I don't trust myself to always remember such things (or to do it
correctly!), so I always order the samples in the same way ;). But that's
not a requirement.
>
<snip>
>
> And with normalizeCtData I obtained :
>> deltaCtnorm <- normalizeCtData(essai.cat, norm =
>> "deltaCt",deltaCt.genes=  c("gene85", "gene86", "gene87", "gene88",
>> "gene89", "gene90","gene91"))
> Calculating deltaCt values
>         Using control gene(s): gene85 gene86 gene87 gene88 gene89 gene90
> gene91
>         Card 1: Mean=20.93      Stdev=2.74
>         Card 2: Mean=21.58      Stdev=2.73
>         Card 3: Mean=21.73      Stdev=2.81
>         Card 4: Mean=20.96      Stdev=2.73
>         Card 5: Mean=21.69      Stdev=2.69
>         Card 6: Mean=21.73      Stdev=2.83
> I chose this method because my director gave me a file where he has chosen
> only seven housekeeper genes on the eight (one of them has different Cp
> results in almost each sample) so I did the same thing.
>
In this case the values of all these housekeepers do look robust across
your samples, although the Ct values are higher than for typical
housekeepers such as b-actin. (Which BTW isn't necessarily a bad thing).
So as long as you/your boss is happy with it, I guess that's fine.

> And about the other normalization methods, I tried them only for seeing
> the difference between them.
> I did :
>>par(mfrow=c(3,2))
>>plot(exprs(essai),exprs(essai_g.mean),pch=20,main="Normalisation avec
>> geometric.mean",col=rep(brewer.pal(6,"Spectral"),each=96))
>>plot(exprs(essai),exprs(essai_scale.rank),pch=20,main="Normalisation avec
>> scale.rankinvariant", col=rep(brewer.pal(6,"Spectral"), each=96))
>>plot(exprs(essai),exprs(essai_deltaCt),pch=20,main="Normalisation avec
>> deltaCt",col=rep(brewer.pal(6,"Spectral"),each=96))
>>plot(exprs(essai),exprs(essai_q.norm),pch=20,main="Normalisation avec
>> quantile",col=rep(brewer.pal(6,"Spectral"),each=96))
>>plot(exprs(essai),exprs(essai_norm.rank),pch=20,main="Normalisation avec
>> norm.rankinvariant", col=rep(brewer.pal(6,"Spectral"), each=96))
>
In your case you have relatively few genes (96), which may not be quite
enough for some of the methods. If the deltaCt-normalised data doesn't
look too discrepant from all the other methods you're probably fine.

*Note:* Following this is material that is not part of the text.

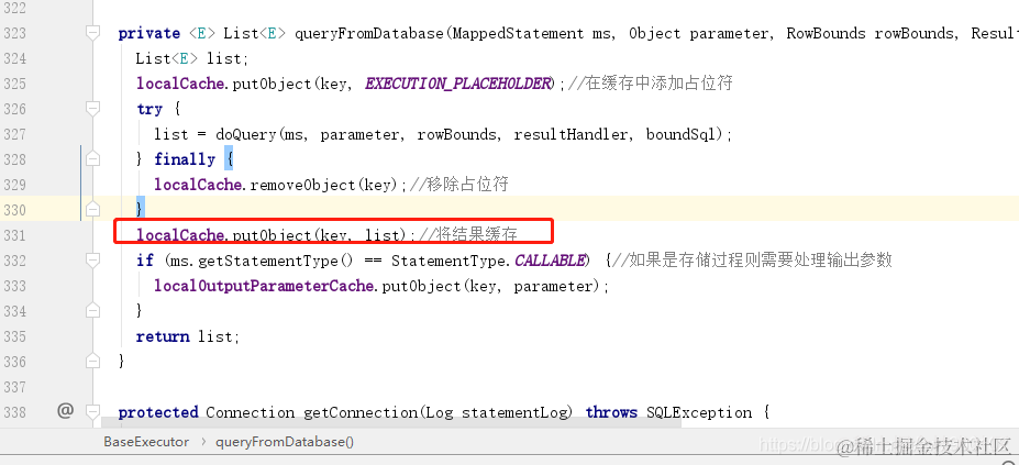 queryFromDatabase方法中会将查询得到的结果存储到localCache中

> And then I wanted to compare only one of the sample as your example and I
> used abline() but it didn't work.
>>plot(exprs(DU145)[,3],exprs(essai_g.mean)[,3],pch=20,col="magenta")
>>abline(exprs(DU145)[,3],exprs(essai_scale.rank)[,3],pch=20,col="blue")
>>abline(exprs(DU145)[,3],exprs(essai_deltaCt)[,3],pch=20,col="purple")
> I did'nt get error message but there was only one plot. I also changed the
> xlim value...
>
Well, you only use one plot() command, hence only one plot gets produced.
Do you perhaps want to add data from multiple objects using points()?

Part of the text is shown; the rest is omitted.